In [None]:
#Hidden
from datascience import Table
%matplotlib inline
import matplotlib.pyplot as plots
import numpy as np
plots.style.use('fivethirtyeight')

import pandas as pd

## Just for reference, since datasience is evolving rapidly
import datascience as ds
ds.__version__

# From Hypothesis Testing to Causality

How do we know that a change in one variable actually causes a change in another? Natural experiments, like those that we saw at the start of class with the case of John Snow and cholera, are viewed as among the most convincing ways to argue for a causal relationships. We will look today at what is called a quasi-natural experiment, namely what happens to commercial activity when some banks are bailed out while others are not. We start with a recap of hypothesis testing.

/I/ AB Testing

/II/ Interpretation and Linear Regression

## /I/ AB Testing, recap
We will return to the slavery data from the start of the semester, and how much we have learned.
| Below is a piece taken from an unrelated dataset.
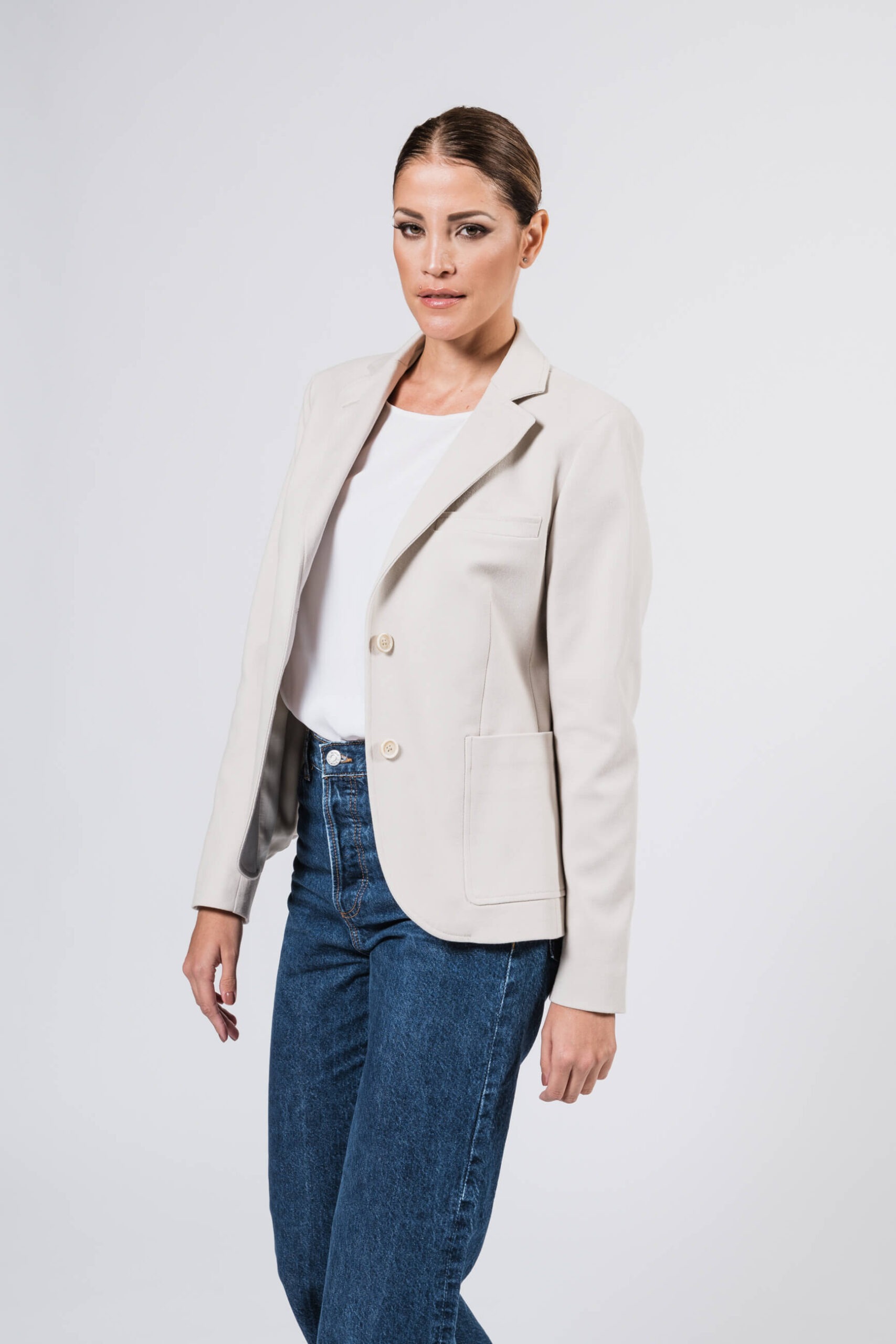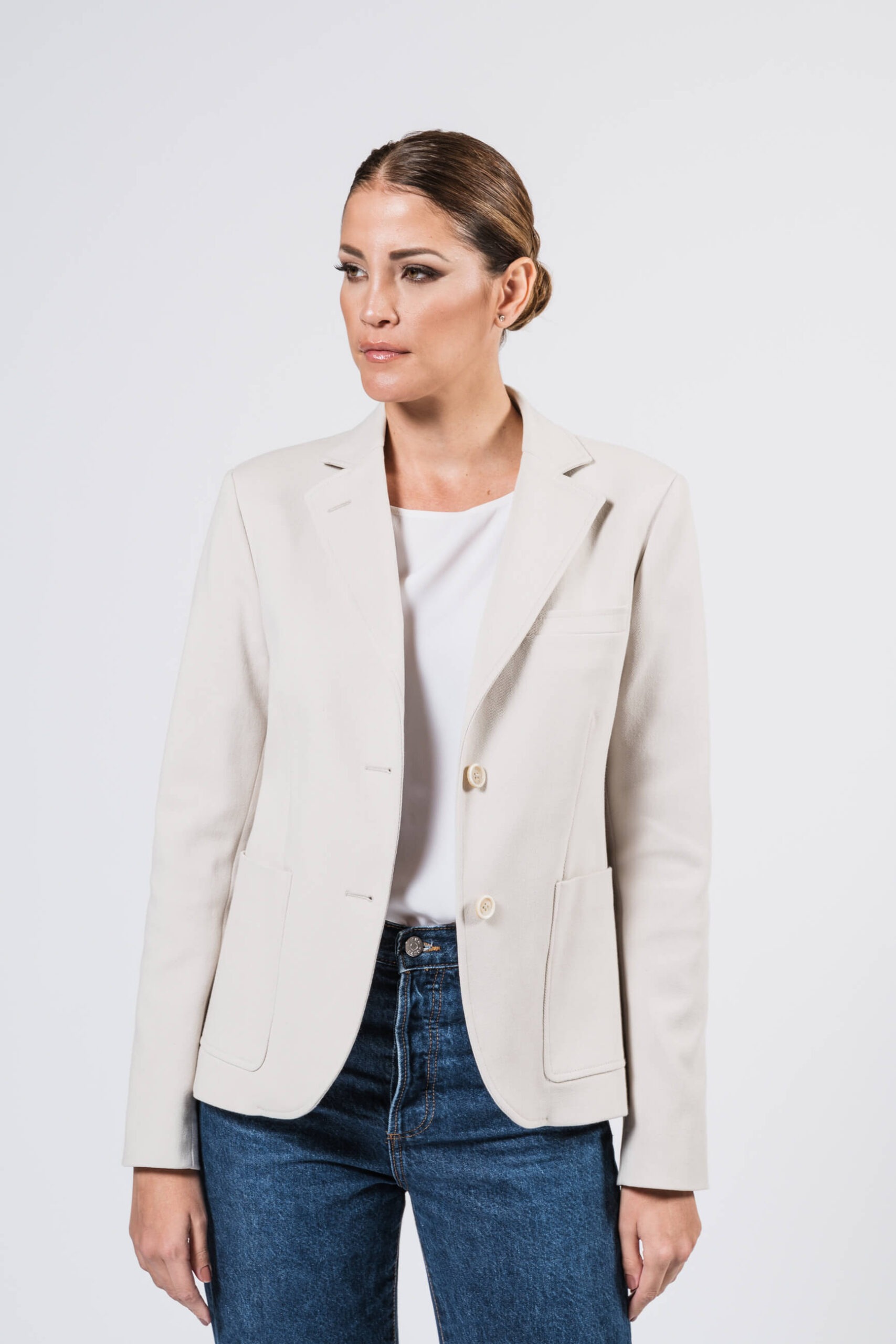 Giacca monopetto a due bottoni – Tasche a toppa applicata e taschino pistagno sinistro – Composizione 97%cotone 3%elastan – Vestibilità regular fit – Made in Italy

The codebook is at: http://www.icpsr.umich.edu/icpsrweb/RCMD/studies/7423 , and you also have a copy in Bcourses. 


In [None]:
data = Table.read_table("https://github.com/data-8/history-connector/raw/gh-pages/Data1.csv")

Recall that some records contain multiple entries and, to simplify, we examined only a subgroup, where prices are known and refer to individual records: 

In [None]:
data = data.where(data["V14"] != 99999)
data = data.where(data["V12"] == 1)
data = data.where(data["V40"]!=99)
data

Also, we will restrict data to a single year so that we can easily check the real value (or labor value, labor value, or income value; here is the web-site where we can check these figures:  https://www.measuringworth.com/uscompare/) 

In [None]:
#keep#
data1850 = data.where(data["V4"] == 1850)
data1851 = data.where(data["V4"] == 1851)
data1852 = data.where(data["V4"] == 1852)
#data1850.show()#

Prices of cotton tended to rise after the 1840s, so we can look at 1850. You can look at some other year, and recall that prices were very high after the War of 1812 and in the 1830s due to a boom in land prices (“internal improvements”); in contrast, the “Panic of 1837” had the opposite effect on prices.
Keep in mind the following values:

“If you want to compare the value of a $1.00 Commodity in 1850 there are three choices. 
In 2014 the relative:
real price of that commodity is $31.30
labor value of that commodity is $223.00 (using the unskilled wage) or $482.00 (using production worker compensation)
income value of that commodity is $490.00”


## Your turn

Now Calculate the mean price for 1850, and express it in 2014 dollars.

In [None]:
mean...

In [None]:
#sort gender where now male = 0, female = 1 for future AB test
new_gender = []
for i in data["V15"]:
    new_gender.append(i - 1)
data.append_column("V15_new", new_gender)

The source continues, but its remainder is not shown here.